Fault Feature Extraction for Centrifugal Pump Impellers via EMD and Cyclic Bispectral Slicing

As a widely used device in the industrial field, the operational efficiency and stability of centrifugal pumps are critical to industrial production. Therefore, to prevent equipment damage and potential casualties during production, accurate monitoring and diagnosis of centrifugal pump impeller failures are essential. This study aims to develop a novel feature extraction method for analyzing fault vibration signals of centrifugal pump impellers. The extracted features are expected to provide higher accuracy and efficiency in fault detection. Accordingly, the cyclic bispectrum secondary slicing technique is employed to extract fault information from nonlinear periodic vibration signals. Based on this approach, the optimal slicing method is further investigated.

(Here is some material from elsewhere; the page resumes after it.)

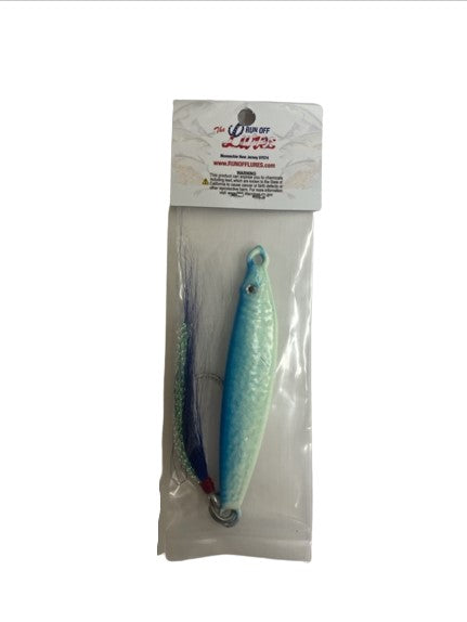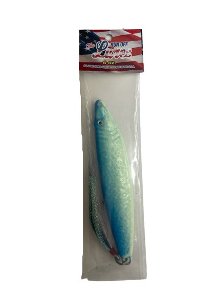 Run Off Custom Sardines are made of solid metal baked powder coated finish so they will not rust. Jig them or troll them; they come in ounce measured sizes.

Since the frequency characteristics of the original signal contain substantial clutter, empirical mode decomposition (EMD) is first applied to separate intrinsic mode functions (IMFs). The results demonstrate that the test set accuracy of the EMD–cyclic bispectrum secondary slicing fusion method in the SVM and XGBoost classification models reaches 85.71% and 92.14%, respectively, which is markedly higher than that of the single cyclic bispectrum secondary slicing method (76.43%/78.57%) and the EMD method alone (80.71%/85%). The proposed method exhibits a notable effect on extracting modulation frequency characteristics: after EMD preprocessing, clutter frequency amplitudes in the spectrogram are reduced by more than 60%, while the signal-to-noise ratio of the modulation frequency component increases by 2.3 times. In the anti-corner slice mode, the amplitude resolution of the modulation frequency component increases by 40%, and the carrier frequency along with its harmonic interference is effectively suppressed.